## [EXERCISE REQUIREMENTS]
Please reproduce exactly, and only, the line containing "随着1980年代集装箱化竞赛的展开,海运成本暴跌" and every line after it to the end of the records below, leaving out all pictures.

(Saved entries)
═══

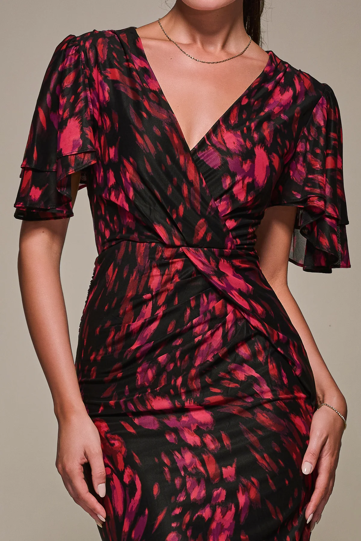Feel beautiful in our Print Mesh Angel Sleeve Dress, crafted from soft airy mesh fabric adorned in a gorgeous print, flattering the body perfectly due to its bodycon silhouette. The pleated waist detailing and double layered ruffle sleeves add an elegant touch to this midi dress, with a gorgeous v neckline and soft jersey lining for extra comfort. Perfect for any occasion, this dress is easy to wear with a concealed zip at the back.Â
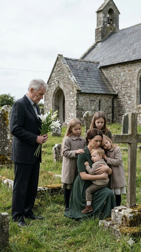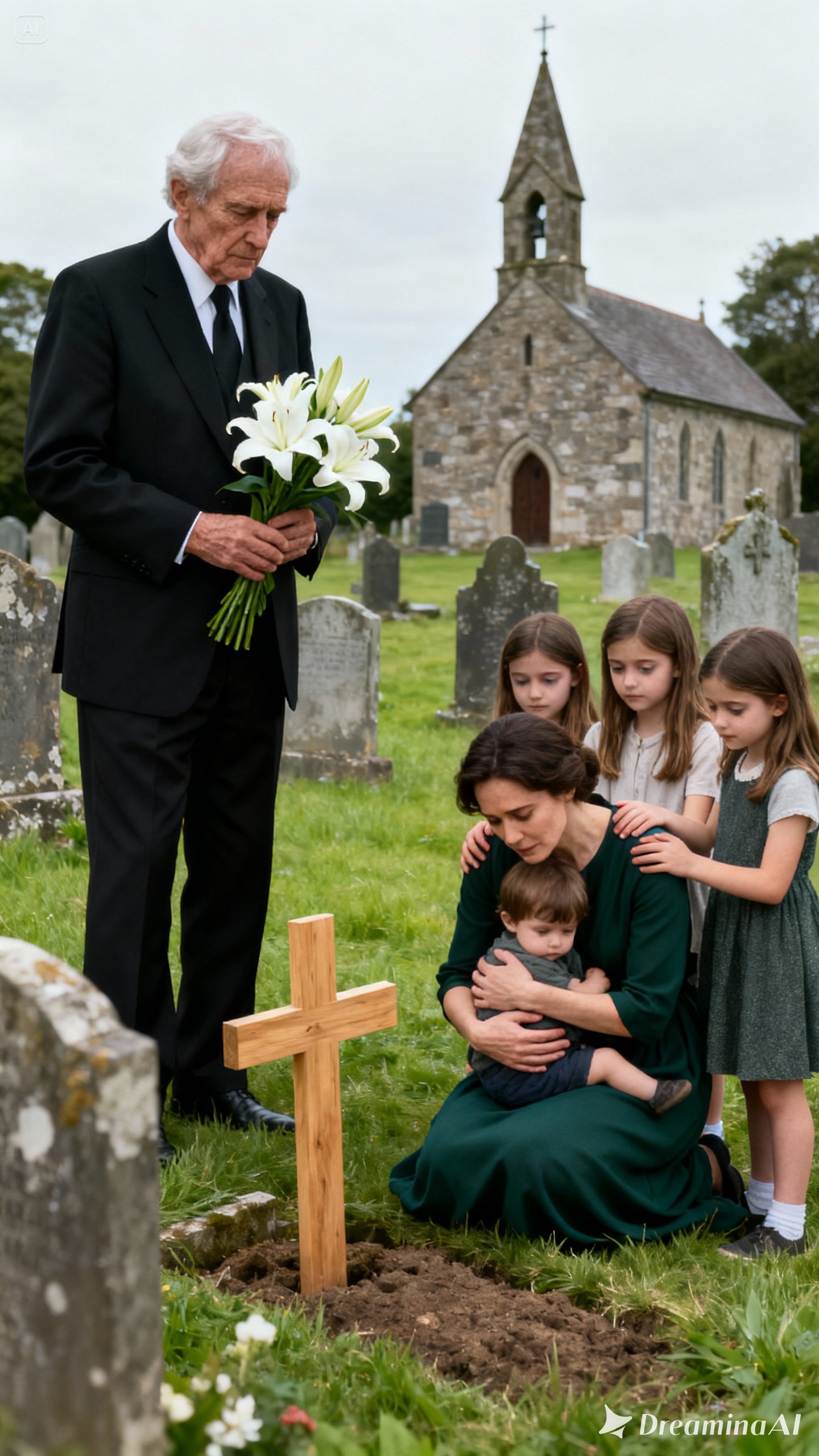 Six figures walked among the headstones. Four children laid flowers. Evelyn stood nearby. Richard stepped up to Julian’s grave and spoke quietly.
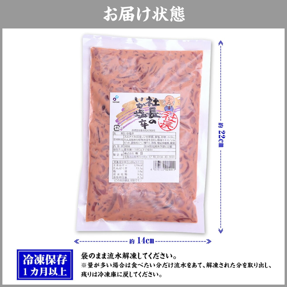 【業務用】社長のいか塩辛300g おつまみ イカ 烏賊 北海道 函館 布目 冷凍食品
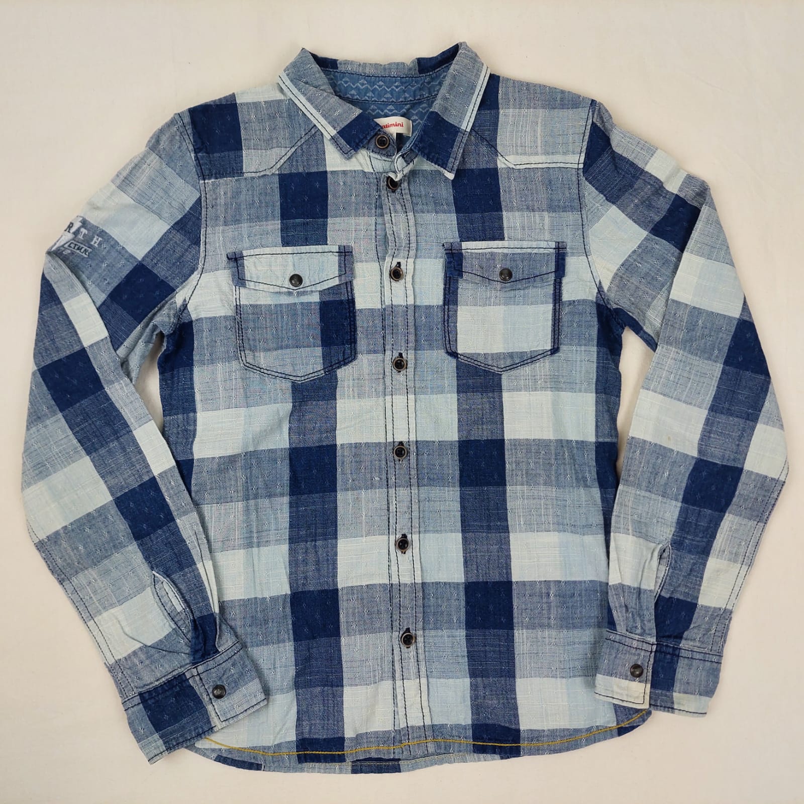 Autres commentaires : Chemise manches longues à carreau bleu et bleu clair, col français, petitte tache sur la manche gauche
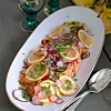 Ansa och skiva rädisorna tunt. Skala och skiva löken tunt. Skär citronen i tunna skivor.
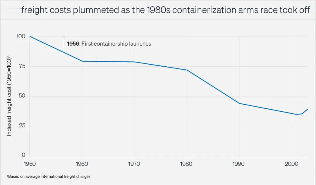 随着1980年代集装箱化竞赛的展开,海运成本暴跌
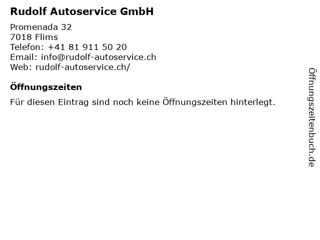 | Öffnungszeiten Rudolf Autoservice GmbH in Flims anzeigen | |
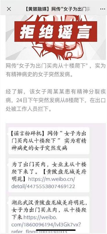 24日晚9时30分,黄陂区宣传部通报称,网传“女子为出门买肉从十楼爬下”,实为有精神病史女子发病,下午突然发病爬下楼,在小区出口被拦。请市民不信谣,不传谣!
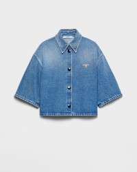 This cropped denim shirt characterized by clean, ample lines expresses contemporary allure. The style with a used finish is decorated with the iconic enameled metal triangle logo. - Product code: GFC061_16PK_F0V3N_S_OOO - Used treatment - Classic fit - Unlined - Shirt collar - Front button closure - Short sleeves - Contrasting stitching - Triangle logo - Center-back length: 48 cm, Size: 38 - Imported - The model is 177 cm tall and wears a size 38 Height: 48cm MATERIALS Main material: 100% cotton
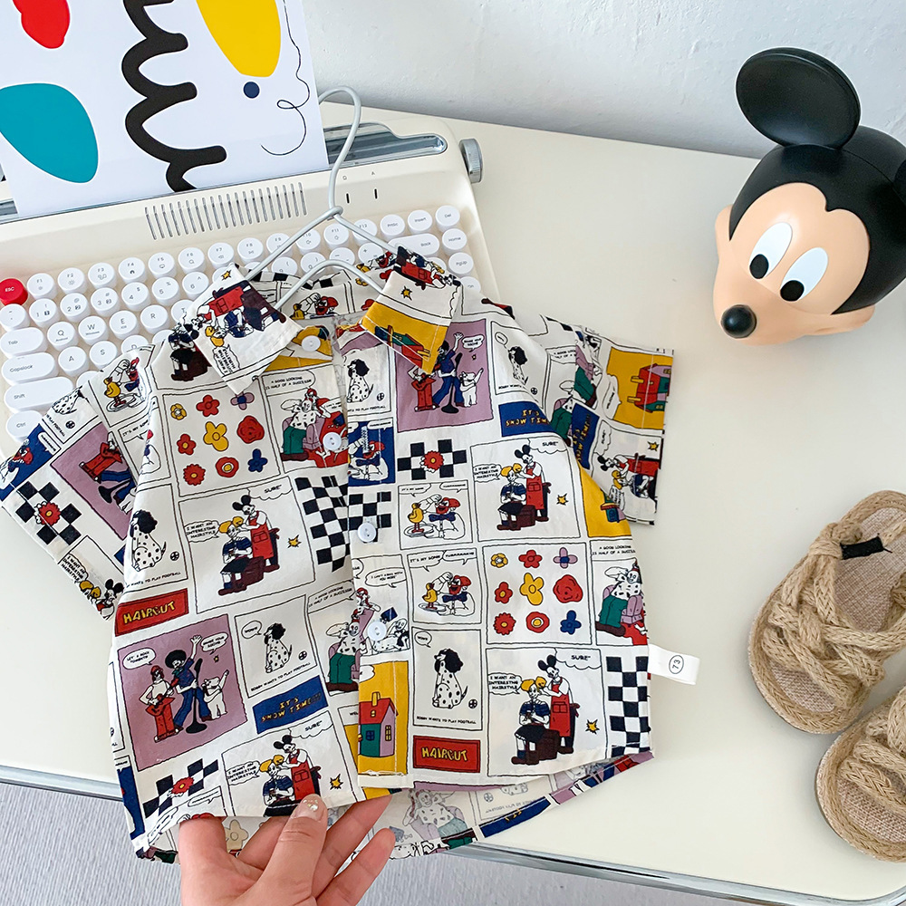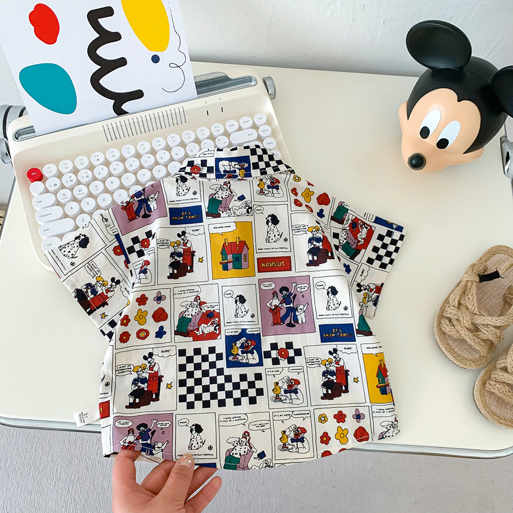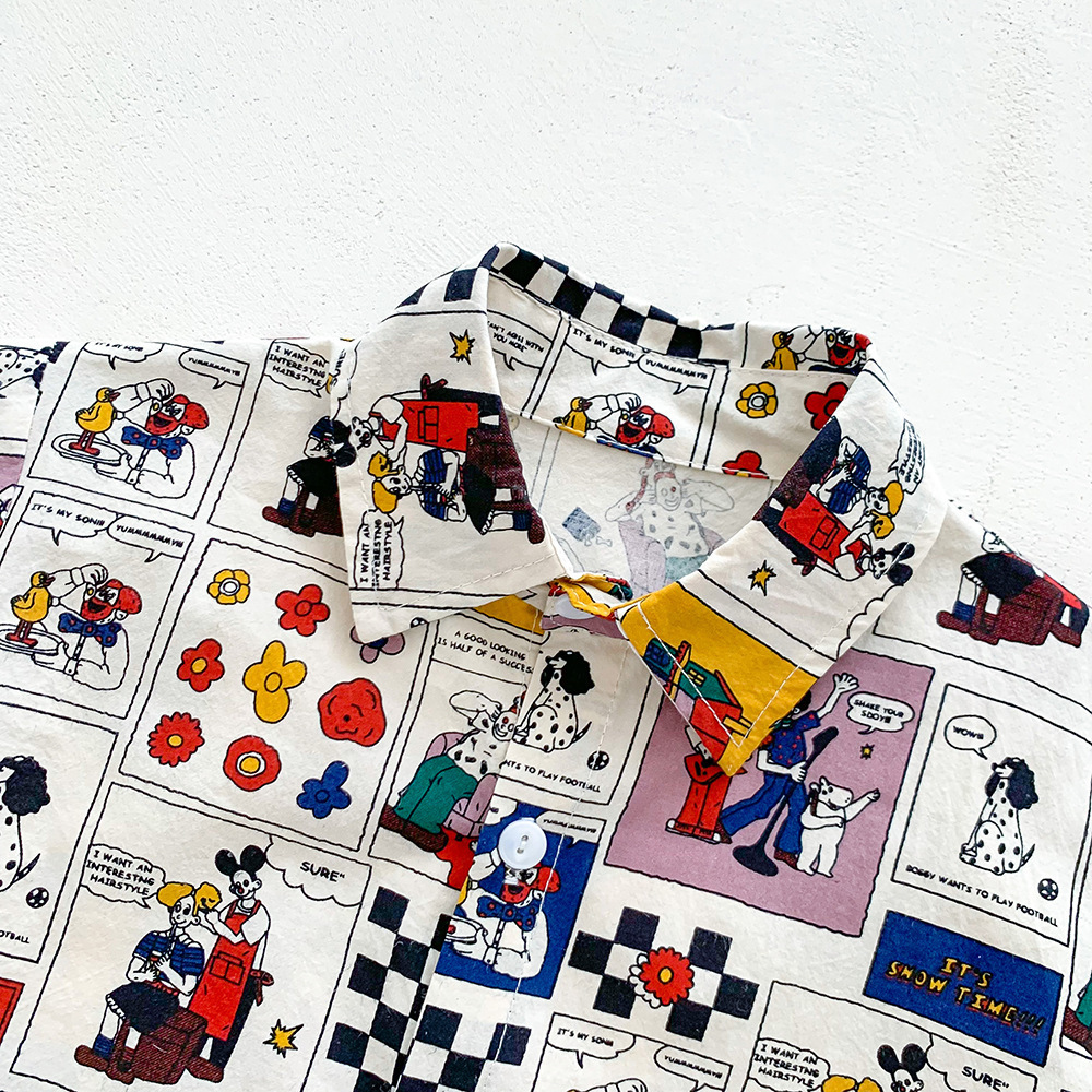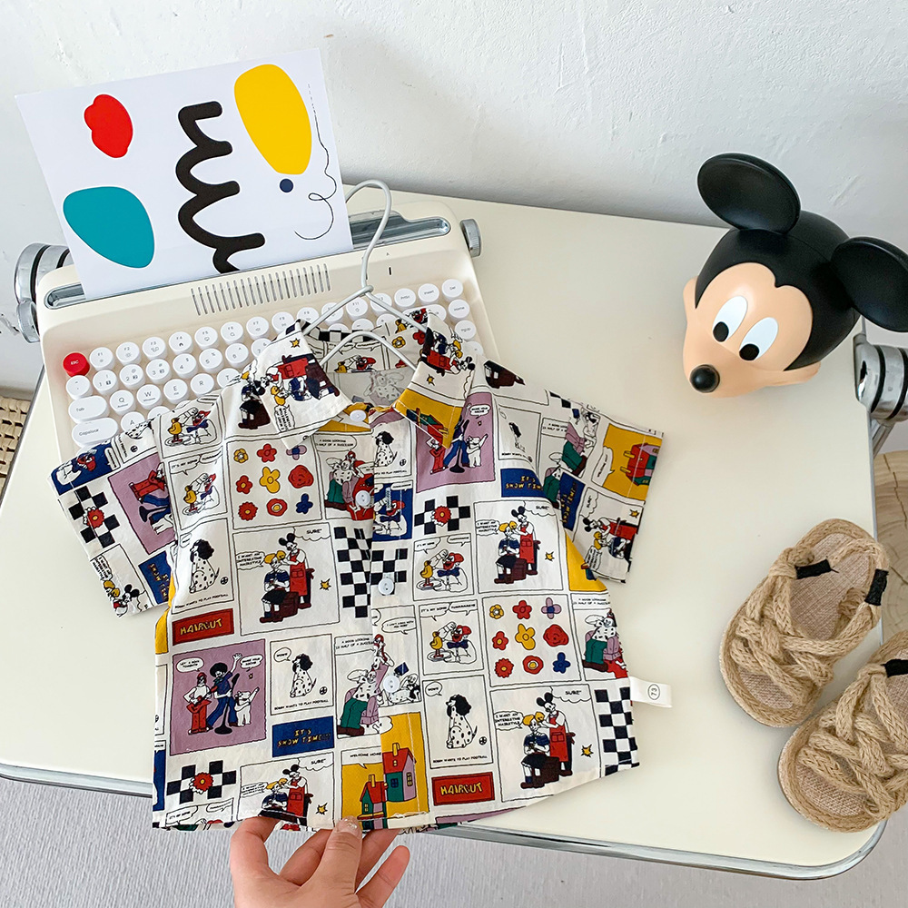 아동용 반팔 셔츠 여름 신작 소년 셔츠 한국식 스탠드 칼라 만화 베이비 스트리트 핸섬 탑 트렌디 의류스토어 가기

═══

## [ANSWER SPACE]
 随着1980年代集装箱化竞赛的展开,海运成本暴跌
 | Öffnungszeiten Rudolf Autoservice GmbH in Flims anzeigen | |
 24日晚9时30分,黄陂区宣传部通报称,网传“女子为出门买肉从十楼爬下”,实为有精神病史女子发病,下午突然发病爬下楼,在小区出口被拦。请市民不信谣,不传谣!
 This cropped denim shirt characterized by clean, ample lines expresses contemporary allure. The style with a used finish is decorated with the iconic enameled metal triangle logo. - Product code: GFC061_16PK_F0V3N_S_OOO - Used treatment - Classic fit - Unlined - Shirt collar - Front button closure - Short sleeves - Contrasting stitching - Triangle logo - Center-back length: 48 cm, Size: 38 - Imported - The model is 177 cm tall and wears a size 38 Height: 48cm MATERIALS Main material: 100% cotton
 아동용 반팔 셔츠 여름 신작 소년 셔츠 한국식 스탠드 칼라 만화 베이비 스트리트 핸섬 탑 트렌디 의류스토어 가기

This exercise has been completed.